_Aim of the task_. Every line of the data below should be repeated exactly, and no picture should be copied.

---- Data records

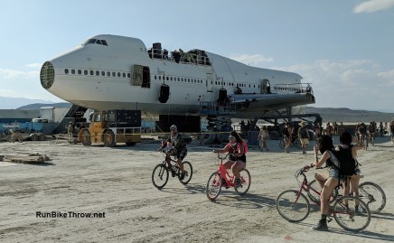 Loop two: I catch up to a guy wearing some really unusual shoes. Under the soles are metal bands acting as springs. Along with the bouncing stride, they add about four inches to his height. He tells me they’re “rebound shoes” with the springs providing a large energy return, and that he likes them a lot. He’s not sure if they’re “race legal,” but hell, this is Burning Man, so who cares?
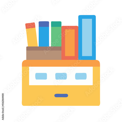 desk, drawer, organisation, book, supply, colourful, flat, design, office, study, education, learning, stationery, pen, container, storage, management, neat, arrangement, workspace, document, paperwork, file, open, box, rectangle, geometric, modern, contemporary, minimal, icon, pictogram, illustration, graphic, simple, organised, colours, pattern, row, blue, yellow, green, orange
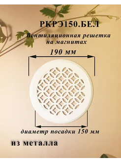 Решетка вентиляционная на магнитах РКРЭ150.БЕЛ (190 150 мм)
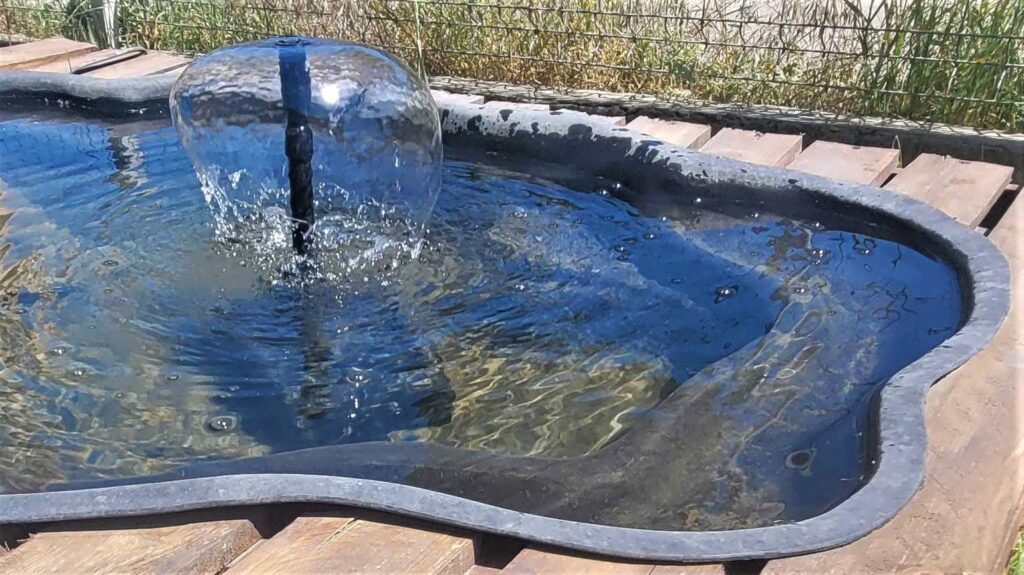 W takich małych pojemnikach typowy filtr do wody w oczku nie jest obowiązkowy. Natomiast świetnie sprawdzi się mała fontanna. Urządzenia te mają już przeważnie wbudowane małe prefiltry zabezpieczające wirnik przed uszkodzeniem. Wymuszony ruch wody zapobiegnie zbieraniu się kurzu, pyłków i innych zanieczyszczeń na powierzchni, które tworzą nieestetyczną, opalizującą powłokę i mogą powodować brzydki zapach. Zalecamy zresztą wymieniać w takim oczku wodę całkowicie co kilka tygodni. Dzięki temu utrzymasz czystość na należytym poziomie, a niewielka pojemność nie zrujnuje Twojego domowego budżetu na uzupełnianie wody. A starą wodę możesz z powodzeniem wykorzystać do podlania roślin w ogrodzie.
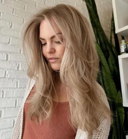 Za dugu tanku kosu savršen je izbor višeslojna frizura u toplim medenim tonovima s prirodnim pramenovima. Mekani slojevi dodaju dimenziju, dok suhi šampon daje osjećaj veće gustoće. Za dodatnu punoću, lagano natapiraj kosu pri korijenu i osvježi volumen i tjednima nakon šišanja.
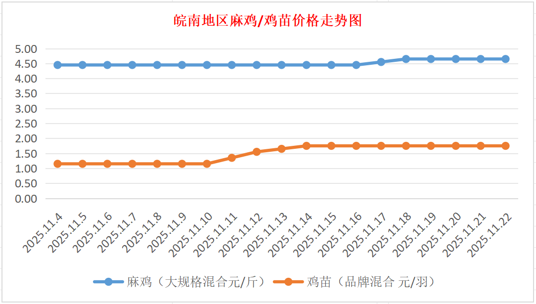 鸡病专业网独家信息:2025年11月22日皖南地区817-麻鸡行情最新走势

--------

_Response to the exercise_.
 Loop two: I catch up to a guy wearing some really unusual shoes. Under the soles are metal bands acting as springs. Along with the bouncing stride, they add about four inches to his height. He tells me they’re “rebound shoes” with the springs providing a large energy return, and that he likes them a lot. He’s not sure if they’re “race legal,” but hell, this is Burning Man, so who cares?
 desk, drawer, organisation, book, supply, colourful, flat, design, office, study, education, learning, stationery, pen, container, storage, management, neat, arrangement, workspace, document, paperwork, file, open, box, rectangle, geometric, modern, contemporary, minimal, icon, pictogram, illustration, graphic, simple, organised, colours, pattern, row, blue, yellow, green, orange
 Решетка вентиляционная на магнитах РКРЭ150.БЕЛ (190 150 мм)
 W takich małych pojemnikach typowy filtr do wody w oczku nie jest obowiązkowy. Natomiast świetnie sprawdzi się mała fontanna. Urządzenia te mają już przeważnie wbudowane małe prefiltry zabezpieczające wirnik przed uszkodzeniem. Wymuszony ruch wody zapobiegnie zbieraniu się kurzu, pyłków i innych zanieczyszczeń na powierzchni, które tworzą nieestetyczną, opalizującą powłokę i mogą powodować brzydki zapach. Zalecamy zresztą wymieniać w takim oczku wodę całkowicie co kilka tygodni. Dzięki temu utrzymasz czystość na należytym poziomie, a niewielka pojemność nie zrujnuje Twojego domowego budżetu na uzupełnianie wody. A starą wodę możesz z powodzeniem wykorzystać do podlania roślin w ogrodzie.
 Za dugu tanku kosu savršen je izbor višeslojna frizura u toplim medenim tonovima s prirodnim pramenovima. Mekani slojevi dodaju dimenziju, dok suhi šampon daje osjećaj veće gustoće. Za dodatnu punoću, lagano natapiraj kosu pri korijenu i osvježi volumen i tjednima nakon šišanja.
 鸡病专业网独家信息:2025年11月22日皖南地区817-麻鸡行情最新走势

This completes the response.